Graywater MABR effluent (RO influent) DOC, BOD, COD, and TDS values were similar during the testing of both membranes (Table 2). Average TN and TSS concentrations were higher (but still within one standard deviation) during the testing of the DOW membrane than during the Aquaporin. As almost all TN was present as NOx−, it is possible that the lower TN values were due to nitrate reduction as DO concentrations were lower during the Aquaporin membrane test. While DO was generally high enough in the bulk liquid to inhibit denitrification, it is possible that in the biofilms, the DO was lower. The concentrations of all parameters were fairly constant during each test (Figure 9). The concentrations of DOC, BOD, TN, NOx−, and TDS in the RO permeate were very similar over time and between membranes (Figure 9 and Table 2). There did not appear to be any change in RO permeate quality over the runtime for either membrane. For both membranes, the permeate quality was very good, with average DOC, TN, BOD, and TDS permeate concentrations of 4, 2, 5, and 8 mg/L and 5, 2, 5, and 10 mg/L for the DOW and Aquaporin, respectively (Table 2). These concentrations represent a ~98% reduction in DOC, BOD, and COD and a 95% reduction in TDS, which would significantly reduce the downstream fouling potential and the consumption of mixed beds in the WPA, major issues for the ISS.
The DOW membrane processed 2534 L (245 crew-days) of treated graywater, and the Aquaporin membrane processed 2771 L (268 crew-days) prior to test cessation due to the permeate production rate dropping below 37.5 L/day, or 41.5 L/day of RO influent (MABR effluent). Weekly permeate production was the same for both membranes (187.5 L/week), but the DOW membrane was operated five days per week for 11 weeks (77 days) and processed 41.5 L/run wherever this operation was switched to three times per week for the rest of the test and system production was 83 L/run (Figure 10). In general, permeate flux declined in a similar manner for both membranes, although the DOW flux (2.4 L/h) was somewhat more stable at the end of the run compared with the Aquaporin membrane and resulted in a longer operation time. It should be noted that although the test was terminated when the production rate dropped below 2.1 L/h, the flux rate (37.5 L/d) was still almost 50% of the new clean water rate, and both membranes still had significant capacity remaining. Operation with two membranes (parallel or lead-lag) could allow for even longer runs prior to replacing the membranes.

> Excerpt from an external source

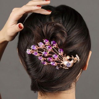 Kẹp Tóc Hình Con Công Đính Đá Phong Cách Retro

3.2.2. The Membrane Filtration Module (MFM) Permeate as an RO Influent
After 230 days of the MABR treating graywater, MFMs (Section 2.2.2) were installed in the reactor effluent zone (Figure 6) to evaluate if the inclusion of MFMs would improve MABR effluent quality and increase the RO membrane life. The influent in the system was similar to that prior to the installation of the MFMs. As previously discussed, the MFM permeate (graywater MABR effluent) water quality was very similar to that prior to MFM installation, with the exception of the TSS, which dropped from 10.5 mg/L to <1 mg/L. For this test, the MABR produced effluent constantly, which was stored in one of two alternating RO recycle tanks until sufficient volume was available to process. Only the DOW membrane was tested for this experiment.

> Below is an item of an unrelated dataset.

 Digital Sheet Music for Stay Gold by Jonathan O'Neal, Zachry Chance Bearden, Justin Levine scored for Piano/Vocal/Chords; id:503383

Graywater MABR-MFM effluent was processed using the RO system (DOW membrane) 5 days a week (41.5 L/day) at a permeate recovery rate of 90%. Permeate water quality was similar to or slightly better than permeate water quality for prior tests with the MFM installed in the MABR. The influent TDS was increased at the end of the test period, apparently in response to an increase in RO influent TDS caused by the new NASA NO-Rinse shampoo formula, but it was still lower than previous test points in the RO permeate (Figure 9 and Figure 10). The RO system processed a total of ~3500 L of effluent and produced 3150 L (304 crew-days) of permeate. The permeate flux decline with time was very similar to the flux decline without the MFM installed in the MABR, even though the TSS was an order of magnitude lower with the MFM. This suggests that the flux decline is likely due to membrane fouling from dissolved constituents (DOC), and the MFM may not offer substantial advantages when increasing system complexity and operation.
4. Discussion
To date, life support systems on the ISS or planned for upcoming moon missions have not included biological reactors for wastewater treatment despite their ubiquitous use for the treatment of terrestrial wastewaters. However, the new focus on PGHs reduces the required complexity of treatment systems compared with micro-gravity, and the likely addition of large volumes of wastewater with surfactant loads (e.g., laundry and shower) makes the current ISS wastewater treatment system inappropriate due to a number of reasons, including foaming due to surfactants, increased consumable requirements due to the use of non-regenerative systems (e.g., mixed beds), the complexity of the system, and sensitivity to failures from precipitation and/or biological fouling. The inclusion of large volumes of graywaters, which are produced in a relatively short time period, would also require the addition of storage tanks. Engineering the storage tanks to allow for biological treatment would allow for substantial reductions in contaminant loading without significant additional mass costs and allow for the inclusion of RO systems. Previous work has primarily focused on using biological reactors for the treatment of either U+F or combined U+F and graywater [15,17,18,19]. In these studies, MABRs were able to convert ~90% of the organic carbon and oxidize 50–70% of organic N into NOx−. Reaction rates were generally very low (<170 g-N/m3-day) due to high total ammoniacal nitrogen concentrations (600–4000 mg/L), and the need to engineer the system to operate without the need for solids processing, which would require additional complexity and system costs [19]. Separating U+F from graywater produced a high-volume and high-quality resource that was amenable to RO. To the best of our knowledge, this study was the first to evaluate a hybrid treatment system for habitation graywater in which biological processors were directly coupled to desalination systems.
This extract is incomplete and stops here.